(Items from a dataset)
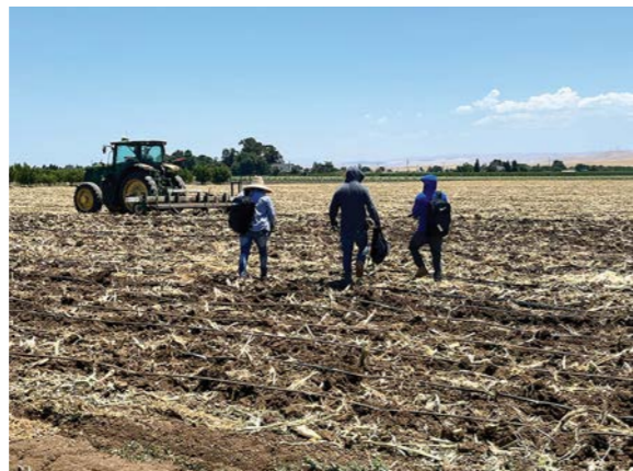
HIJAS DEL CAMPO
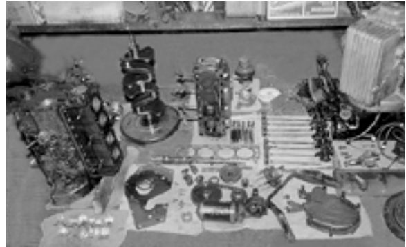
Late Model XPAG engine

length, compression ratio, camshaft timing, brake horse power rating, and many other similarities. Although changes were made between 1939 and 1955. The inherent design characteristics of the engines were the same.
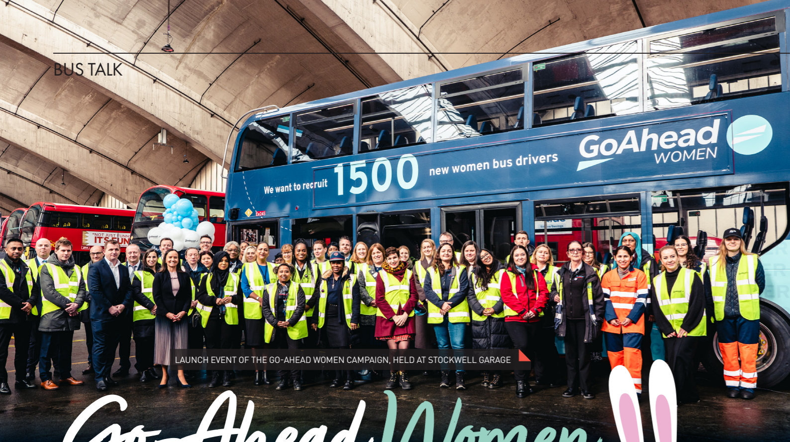
LAUNCH EVENT OF THE GO-AHEAD WOMEN CAMPAIGN, HELD AT STOCKWELL GARAGE
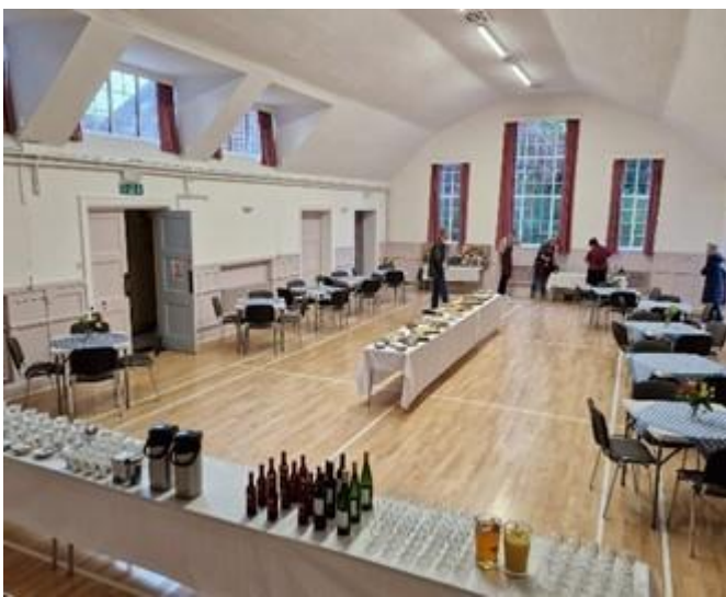
The Hall set up for a booking

When the Church Hall was opened in 1932, its purpose was a building that would serve in a sense as The Family House of the Congregation, a place where the family's business can be efficiently carried on . The reason was the mushrooming of Church activities, some sacred, some secular, that the Church building itself could no longer accommodate. Today, although that is still to some extent the case, the Hall has evolved into a major social centre for the village, underpinning much of All Saints' outreach activity and also a key source of Church income. All three functions demand a space that is multifunctional with the necessary high-grade supporting infrastructure, flexible, secure, safe and clean, as well as being attractive and welcoming. And where they exist, subscribing to national standards at the highest levels. It perhaps goes without saying that, having achieved these goals, which the last year fully demonstrates, they have to be maintained; something that requires constant vigilance on the part of the Hall Committee. That vigilance, of course, has to extend to recognising both challenges to its successful functioning and opportunities to extend and improve its range in underpinning both the Church's needs and those of the wider world of the village and beyond.
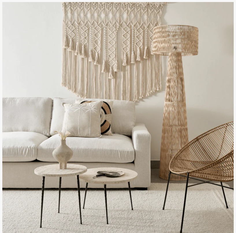
Garden seating ideas with outdoor pouf and ergonomic design

The UAE's cultural emphasis on hospitality also makes adaptable seating important. With frequent gatherings of friends, relatives, and colleagues, hosts require furniture that expands and contracts with the guest list. Outdoor poufs meet this demand by serving as additional seats that can be placed in clusters or dispersed throughout a garden. Their convenience, however, does not come at the cost of elegance—modern
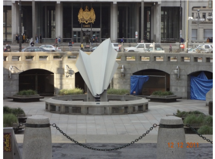
Phoenix Rising at Dilworth Plaza
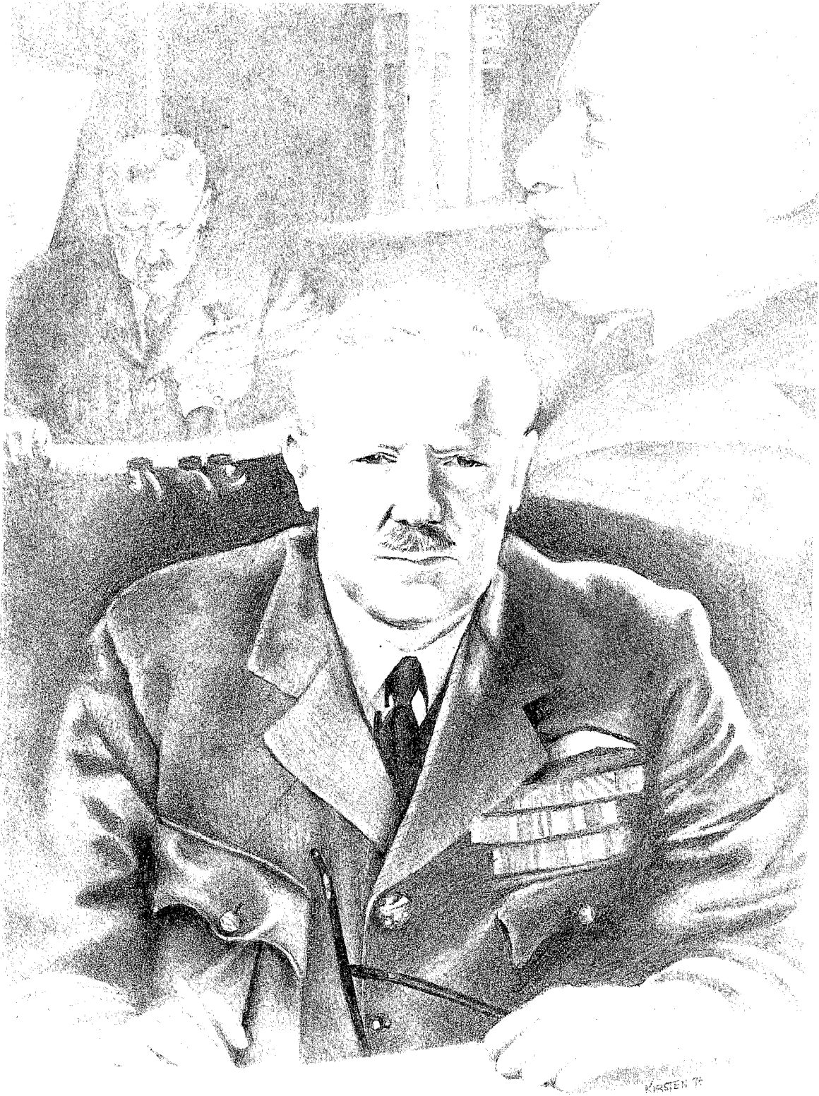
Air Marshal Sir Arthur Harris
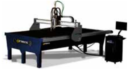
ADMIRAL Industrial Medium-Duty+ System
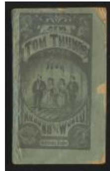
Book: "Tom Thumb's Three Years Tour Around the World" (front and back covers only) (EL 1988.086.001)
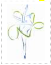
FIG RHYTHMIC GYMNASTICS WORLD CUP TASHKENT (UZB) 17 -19 APRIL 2020 INDIVIDUAL AND GROUP
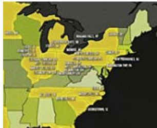
If You Ever Want to Retire Look at This Chart Money Morning
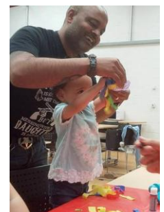
Dad enjoys play time

Huge R&R thanks to these organisations, without whom we would be unable to continue.
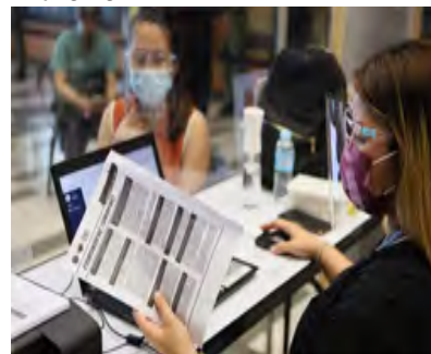
Education about Covid-19 Vaccine-Sinovac was taught to the recipients to make sure full awareness of the vaccines before it will inoculate.
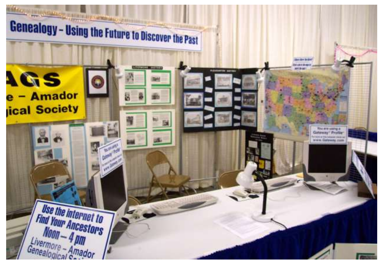
L-AGS at the County Fair
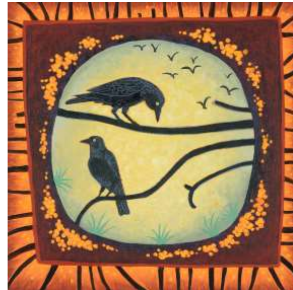
Afterstory VIII Birdlife 2021 Acrylic and oil on board 20 x 20cm
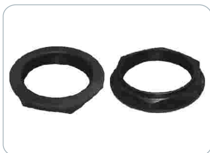
Mercedez Nut Size : 90x2 p
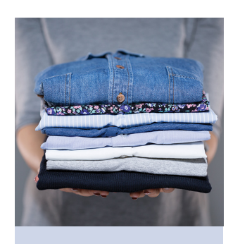
Individuals and businesses donate items to Goodwill
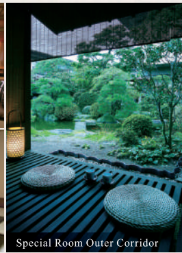
Special Room Outer Corridor
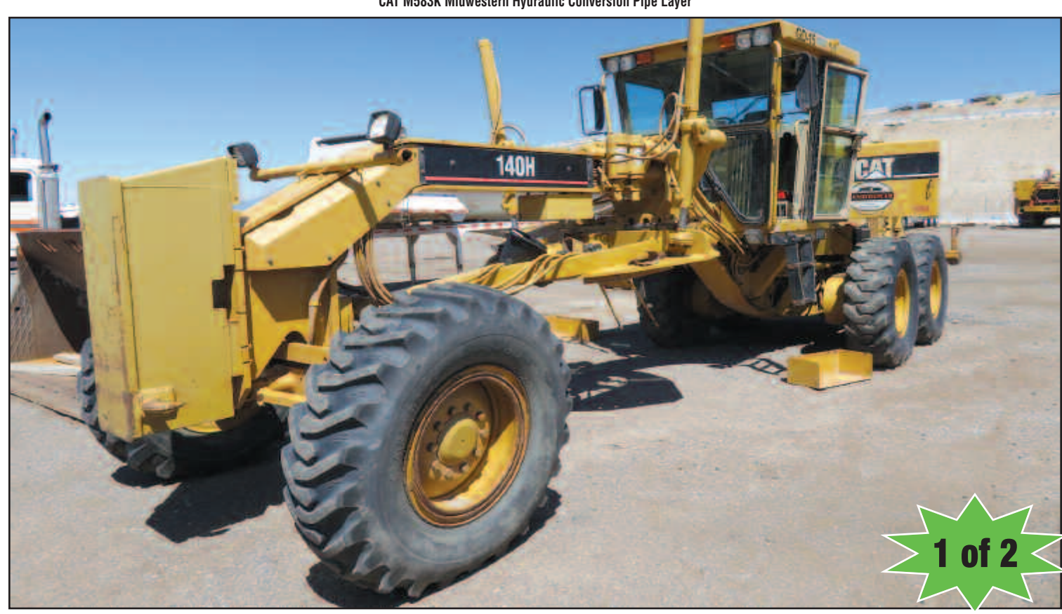
CAT 140H Grader, w/Rippers
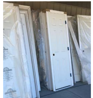
Just some of the great items at our stores last month!

805 Gifford St. Ext. Falmouth • 28 Whites Path So. Yarmouth • Monday through Saturday 9-5 • Visit restorecapecod.org and click on Donate to schedule a pickup or call (508) 394-6400 to learn more!
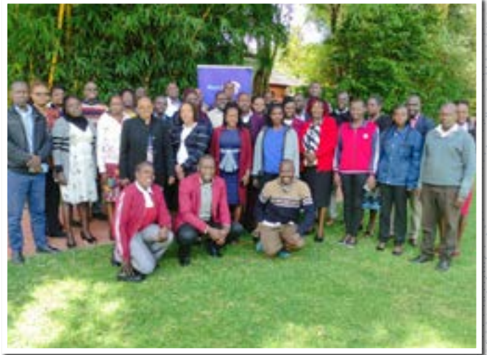
Participants at the export readiness training in Elgeyo Marakwet
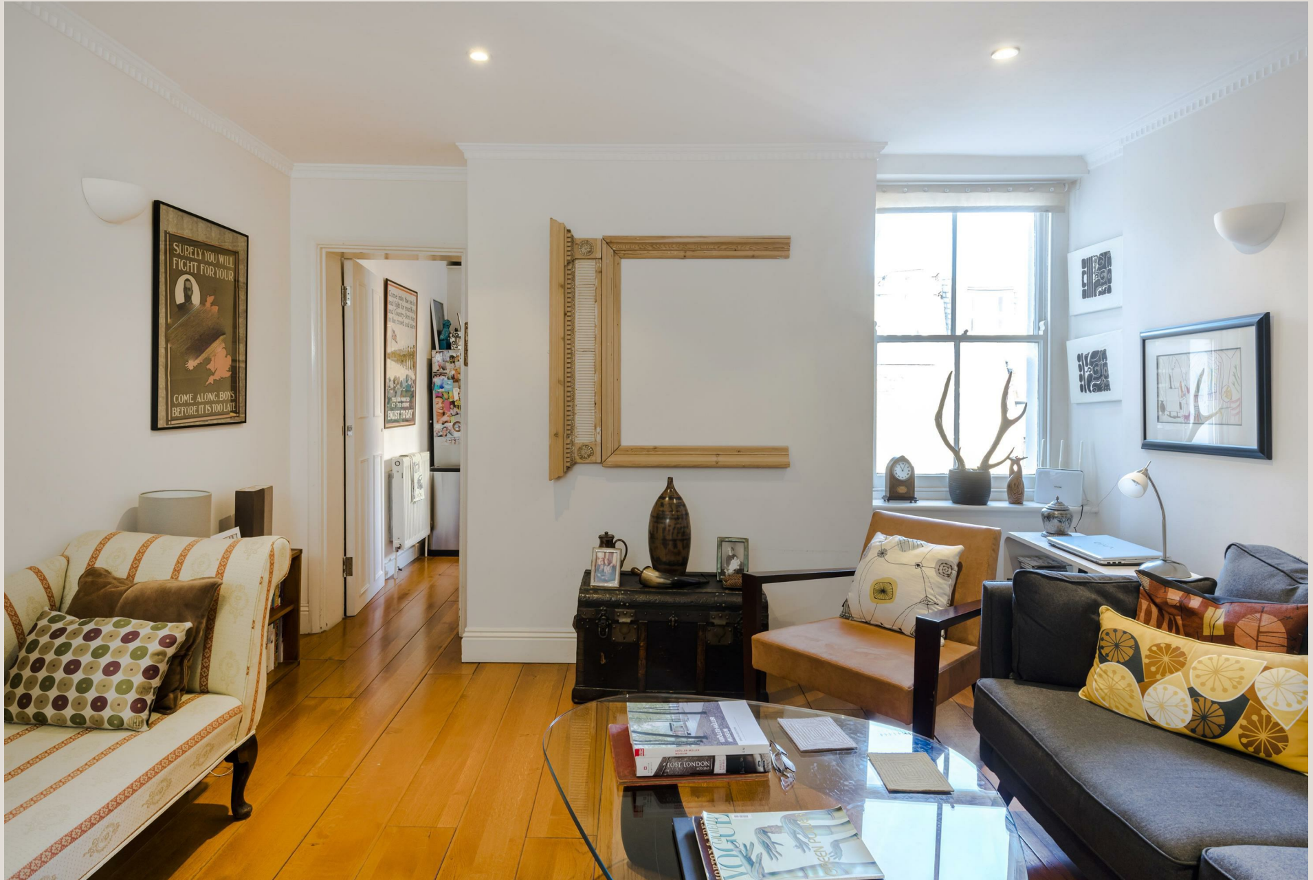
Great Titchfield Street
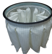
Conductive Star Shaped Filter with Gage for ORDLOC 652 -Included
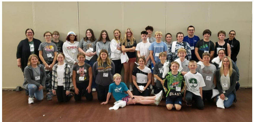
Trinity Youth @ LYO
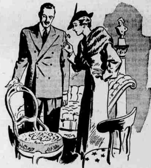
His wife's enthusiasm for antique furniture

ASSIGNMENT. Please repeat, exactly as written, the lines in the records above, starting with the one that has "Special Room Outer Corridor" and going on through the one that has "805 Gifford St.". Pictures are to be left out.

REPLY.
Special Room Outer Corridor
CAT 140H Grader, w/Rippers
Just some of the great items at our stores last month!

805 Gifford St. Ext. Falmouth • 28 Whites Path So. Yarmouth • Monday through Saturday 9-5 • Visit restorecapecod.org and click on Donate to schedule a pickup or call (508) 394-6400 to learn more!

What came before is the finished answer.